Толстосум пришел с коньяком, который Валерий пить не стал, заговорив сразу о деле.

— Вот ваза. Узор уникальный, обещаюсь его нигде не повторять. — Валерий чуть повернул вазу, или просто так, или для того, чтоб покупатель увидел радостный блеск бесчисленных граней. — Славянская символика. Использованы материалы оформления древнерусских рукописей, берестяные грамоты, а также древнегреческие христианские надмогильные плиты. Так что меня вполне можно отнести к плагиаторам. Хотя все искусство не есть ли плагиат, не есть ли бесконечное повторение форм и сюжетов, правда, с попыткой их улучшения? — И без паузы: — Стоит ваза тысячу рублей, посмотрите, пожалуйста, я чай поставлю.

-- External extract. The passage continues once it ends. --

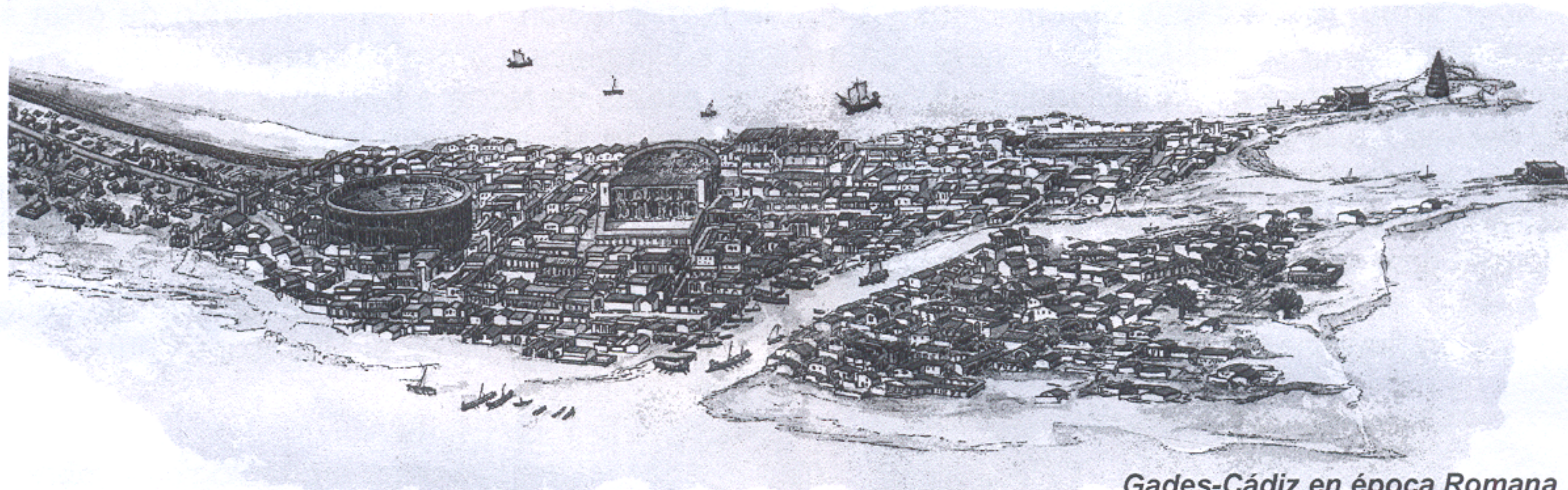
Gades-Cádiz en época Romana

Валерий вышел в крохотный кухонный притвор, я листал книгу, о которой мы часто говорили, — «Очерки истории славян дохристианского периода». Вернулся Валерий:

— Выпьете с нами чаю?

— Я же коньячку принес, — напомнил покупатель. Бодро расплескал его в стаканы, заметив, разумеется — и не он первый, — что в мастерской мастера по хрусталю пьют из оригинальной посуды. Выпил, покрякал, поблуждал глазами по пустому столу (только книги и подставка для чайника) и напористо спросил: — А на половине не сойдемся?

— Верно замечено, — подхватил Валерий, глядя на вазу. — Именно половина. Я продешевил. Она стоит не одну, а две тысячи.

— Как? Будьте же хозяин своему слову.

— Я и есть хозяин. Но вот гляжу на вазу, — и понял, что она дороже назначенной цены. Вполне возможно, что еще — пять минут — и она будет три тысячи. Или еще лучше, чтоб не вмешивать презренные деньги, — в ней стоимость вашей машины. Вы на машине?

— Д-да.

— Оставьте машину у подъезда, забирайте вазу, и мы в расчете. Я не шучу. Смотрите узор, видите эти переходы, эту, как говорят искусствоведы, музыку линий? В оформлении, в круге, принцип восьмеричности, то есть два квадрата, крест-накрест. Здесь два золотых сечения: пропорции донышка и раструба и отношение ширины дна к высоте, здесь…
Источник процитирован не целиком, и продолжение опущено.